Task to carry out: Take the lines below from the one with "Prepare to hear" through the one with "Malplaquet pendant lights" and retype them exactly. Include nothing else, and no pictures.

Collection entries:
____
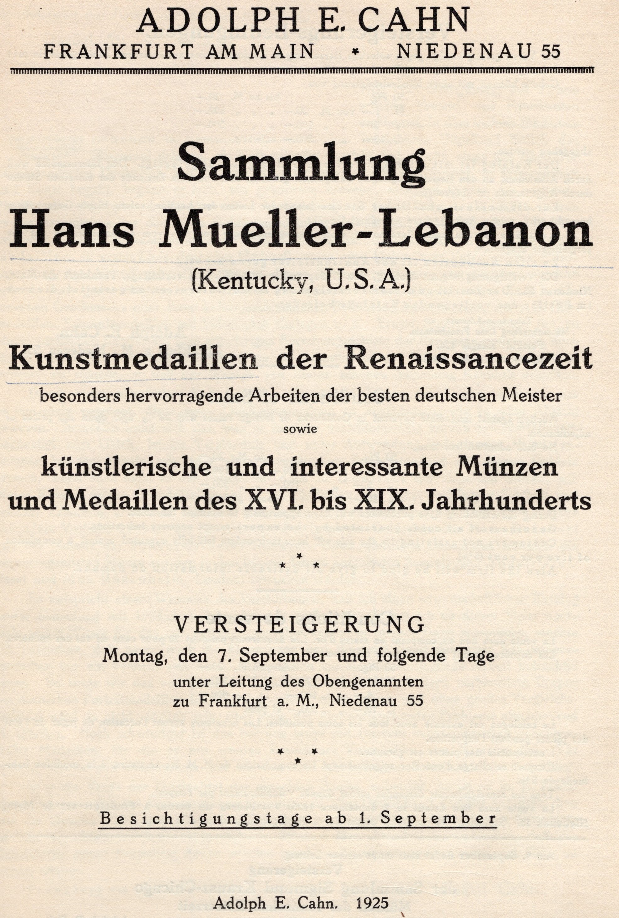 CAHN A.E. - Sammlung Han Mueller - Lebanon. Kunstmedaillen der Renaissancezeit. Frankfurt am Main, 7 - September - pp. 70, nn. 336, tavv. 30. ril. \ tela con scritte,interno ottimo stato, importante Rossi, 512
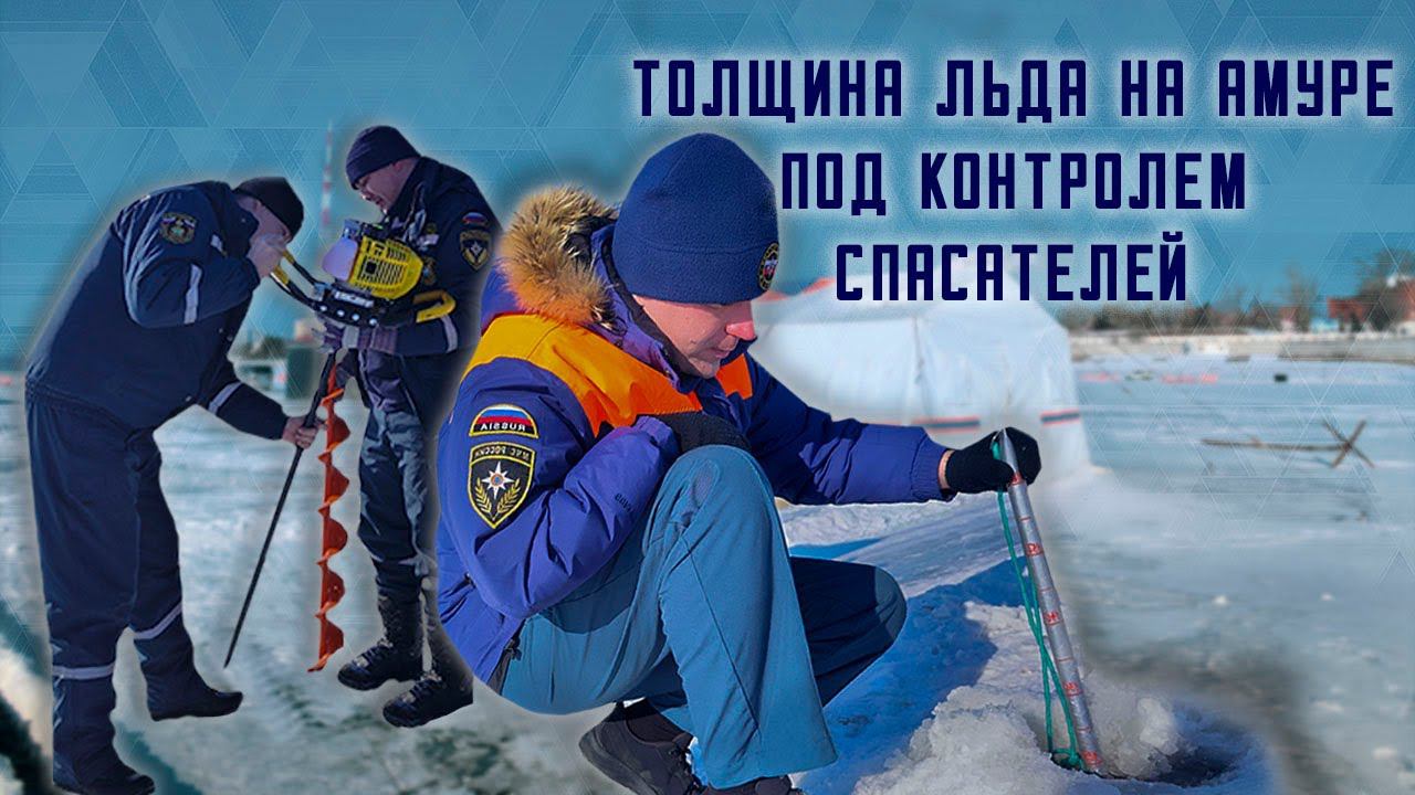 Сотрудники МЧС России и городские спасатели проверяют толщину льда на реке Амур
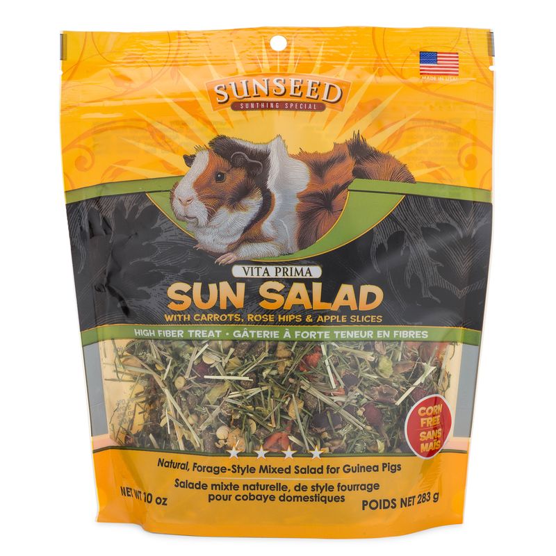 Prepare to hear all the “wheeks!” when you treat your guinea pig to Sunseed Vita Prima Sun Salad, a naturally colorful and delicious foraging treat. This nutritious mixed salad blend is made with high-fiber Timothy hay and features many of your companion’s favorite herbs and veggies, including parsley, carrot, rose hips, and celery.
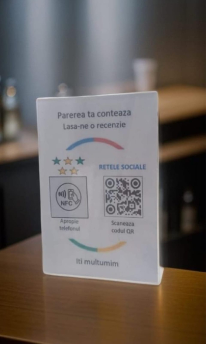 Produse similare: Stand QR + NFC 21x15 cm – Flexibilitate maximă. Sticker NFC + QR – Variantă compactă.
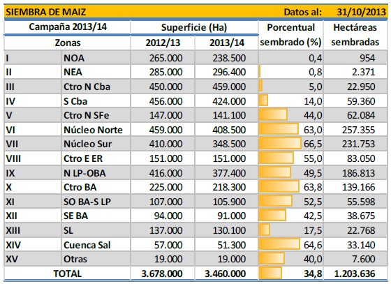 La ventana óptima para implantar maíz de primera ha finalizado, sin haber logrado cubrir el 100 % de la superficie proyectada para esta campaña. De este modo, el productor trasladaría esa superficie remanente a fechas tardías de diciembre, como también podría diferir parte de esta al cultivo de soja. No hay que descartar la posibilidad de que, luego de estas lluvias, algunos productores se animen a incorporar algunos lotes más antes de pasar a las siembras de diciembre.
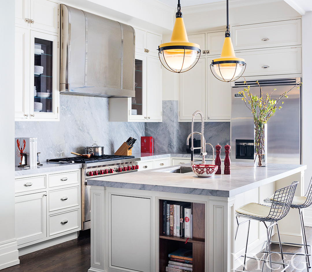 Malplaquet pendant lights from the Urban Electric Co. hang above the kitchen island; the faucet is from Dornbracht and the custom hood is by RangeCraft.
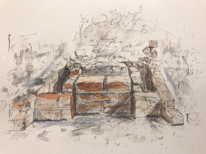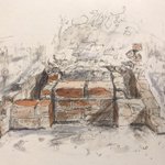 #inktober2022 28) Camping. In the 18th century thousands of Hessian mercenaries camped in Winchester. Some in tents & some in holes cut down into the chalk which even had brick chimneys like this one! We managed to join @PCAarchaeology & @OctaviusImp to dig one - Ex Sleepy Hollow
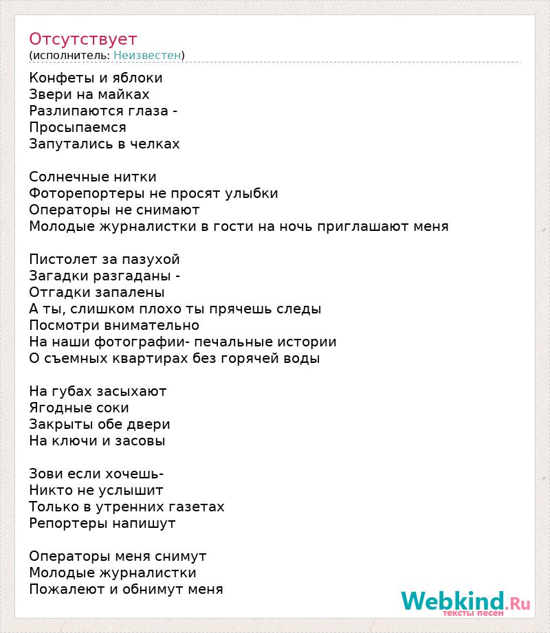 Конфеты и яблоки Звери на майках Разлипаются глаза - Просыпаемся Запутались в челках Солнечные нитки Фоторепортеры не просят улыбки Операторы не снимают Молодые журналистки в гости на ночь приглашают меня Пистолет за пазухой Загадки разгаданы - Отгадки запалены А ты, слишком плохо ты прячешь следы Посмотри внимательно На наши фотографии- печальные истории О съемных квартирах без горячей воды На губах засыхают Ягодные соки Закрыты обе двери На ключи и засовы Зови если хочешь- Никто не услышит Только в утренних газетах Репортеры напишут Операторы меня снимут Молодые журналистки Пожалеют и обнимут меня
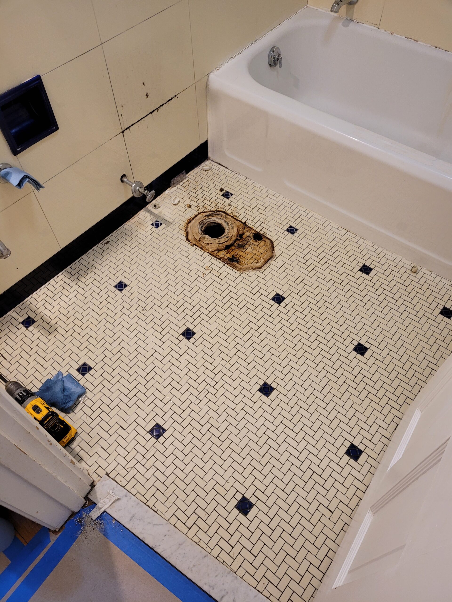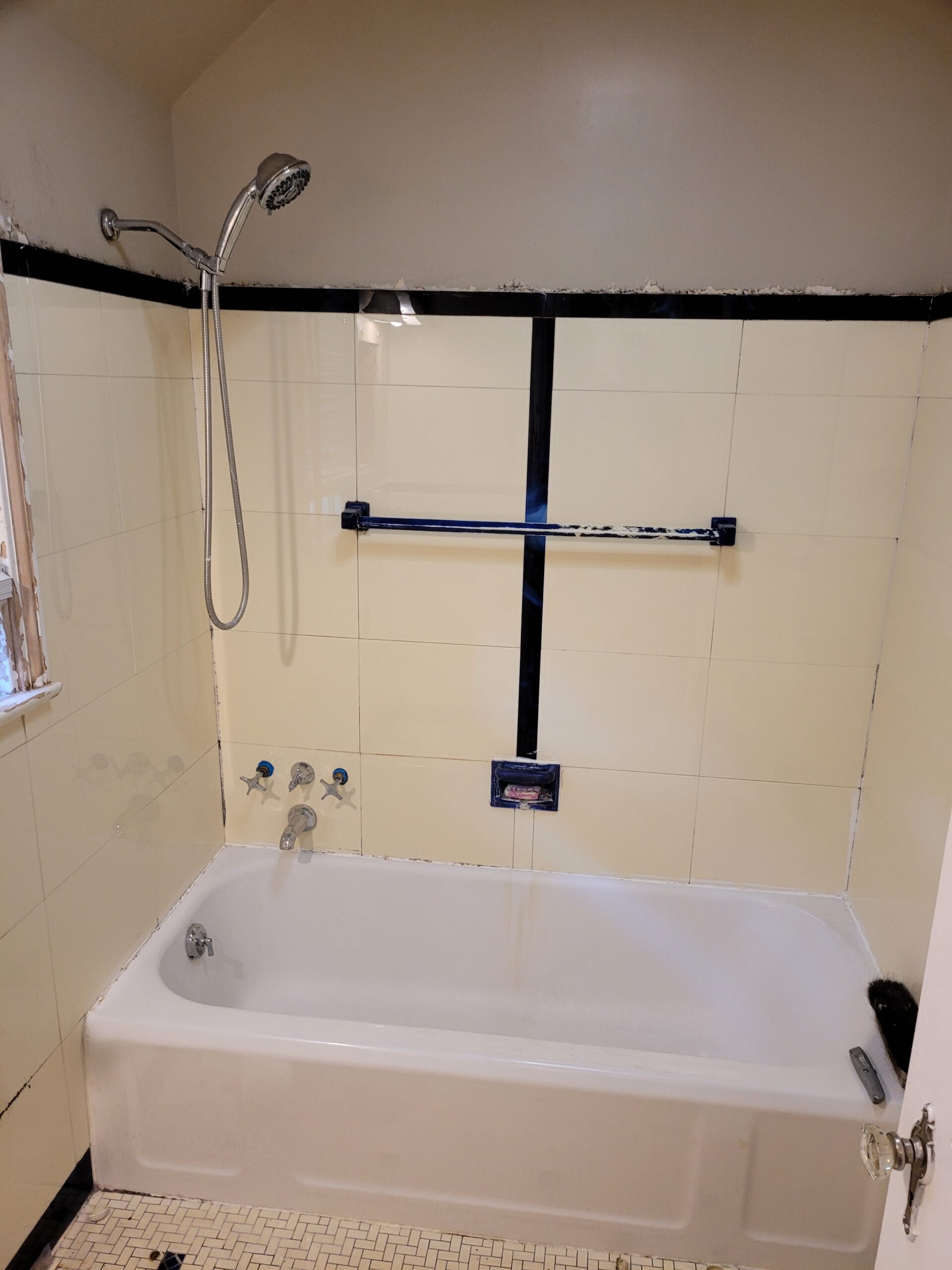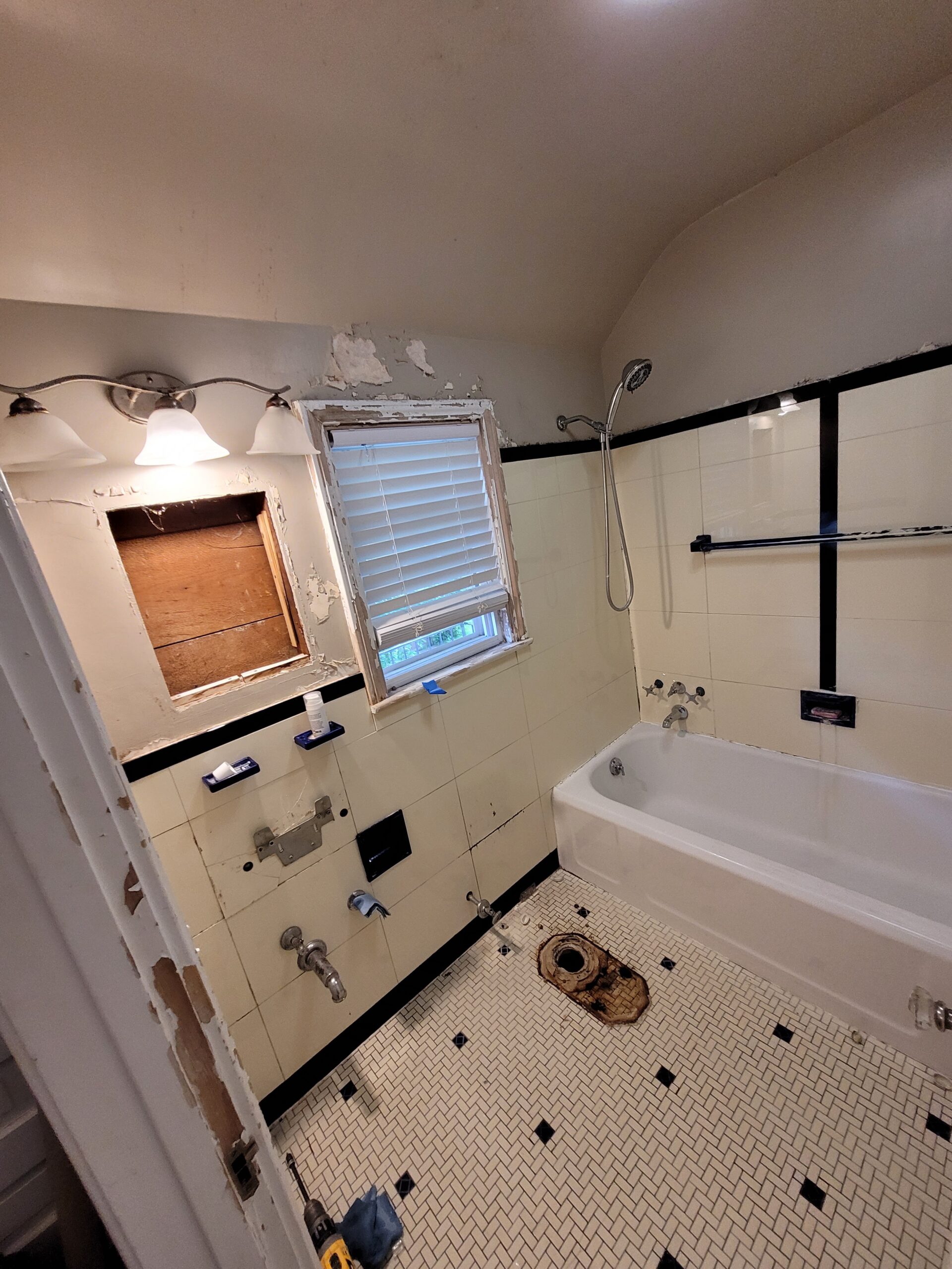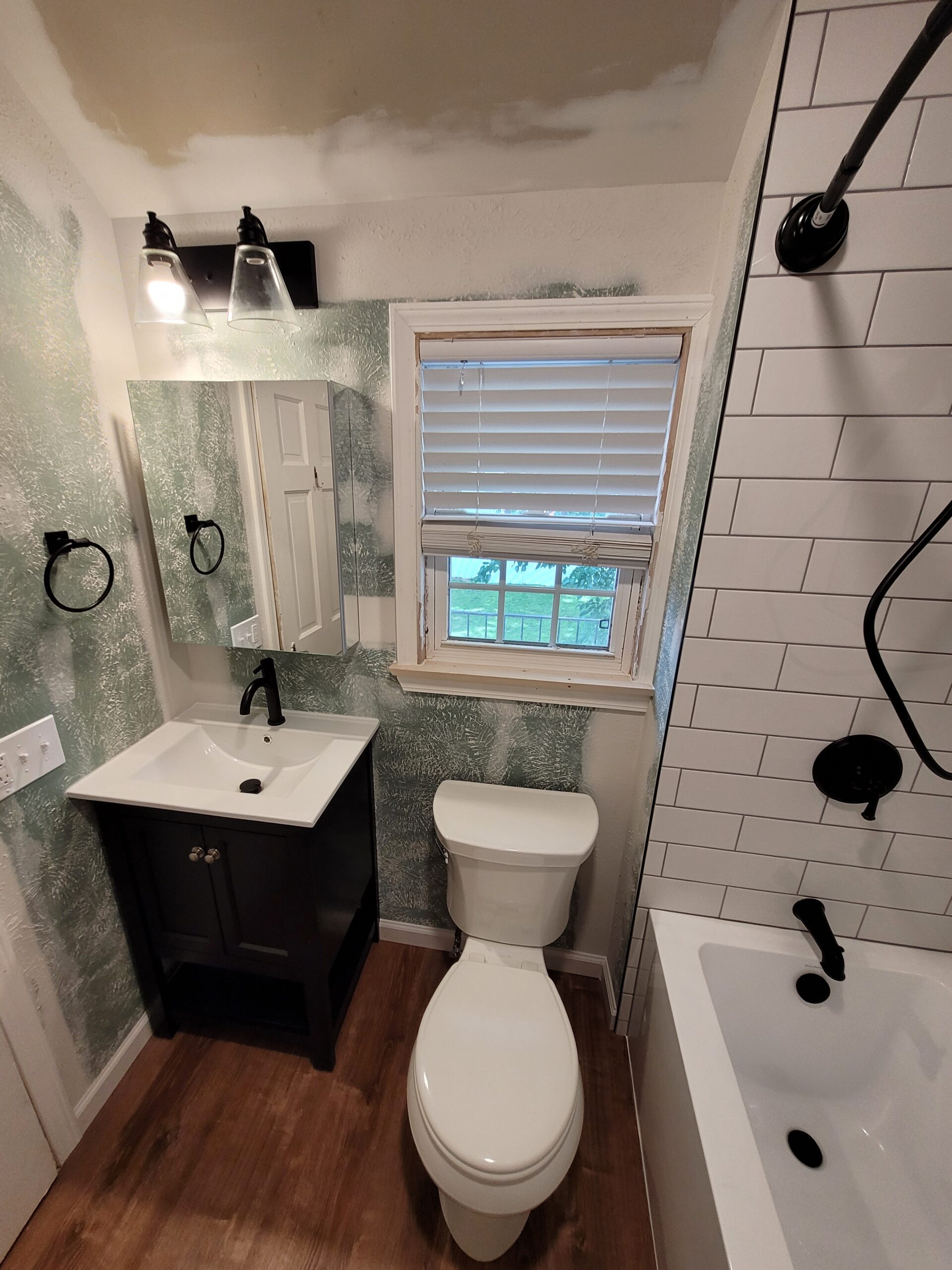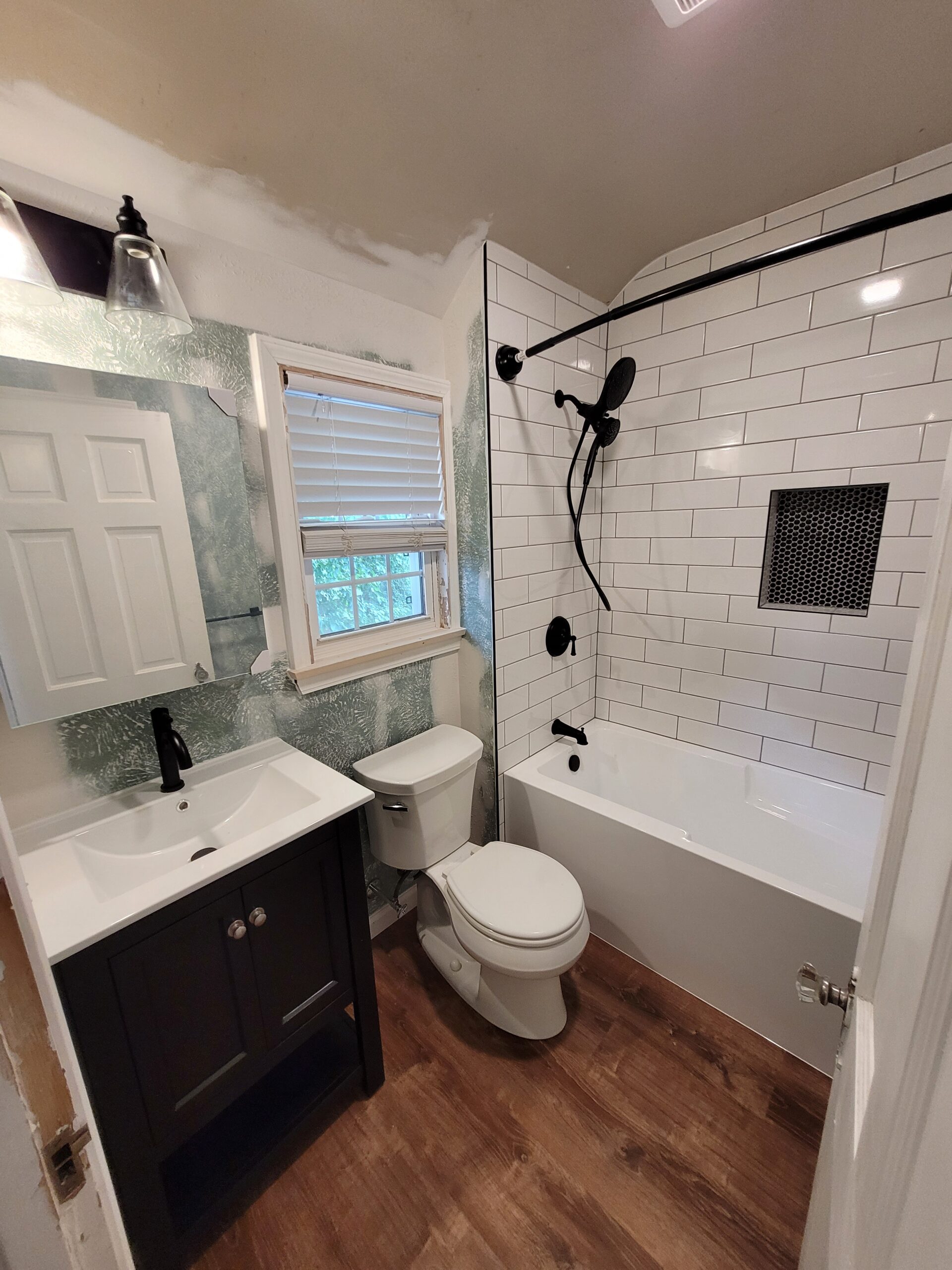 Welcome back! We are excited to show you guys our next project. As you will see from the before pictures, our client’s bathroom needed some serious tender love and care. The existing tile and fixtures had reached their expiration point, and our client desired modernize their bathroom space. When considering design elements, our client opted for a timeless subway tile shower with black fixtures. The walls were in disarray, so we decided to fix them up and apply a light texture that not only repaired the walls, but added a character element that fit with the age of the home. Let’s take a look at the original space:
____
Task response:
 Prepare to hear all the “wheeks!” when you treat your guinea pig to Sunseed Vita Prima Sun Salad, a naturally colorful and delicious foraging treat. This nutritious mixed salad blend is made with high-fiber Timothy hay and features many of your companion’s favorite herbs and veggies, including parsley, carrot, rose hips, and celery.
 Produse similare: Stand QR + NFC 21x15 cm – Flexibilitate maximă. Sticker NFC + QR – Variantă compactă.
 La ventana óptima para implantar maíz de primera ha finalizado, sin haber logrado cubrir el 100 % de la superficie proyectada para esta campaña. De este modo, el productor trasladaría esa superficie remanente a fechas tardías de diciembre, como también podría diferir parte de esta al cultivo de soja. No hay que descartar la posibilidad de que, luego de estas lluvias, algunos productores se animen a incorporar algunos lotes más antes de pasar a las siembras de diciembre.
 Malplaquet pendant lights from the Urban Electric Co. hang above the kitchen island; the faucet is from Dornbracht and the custom hood is by RangeCraft.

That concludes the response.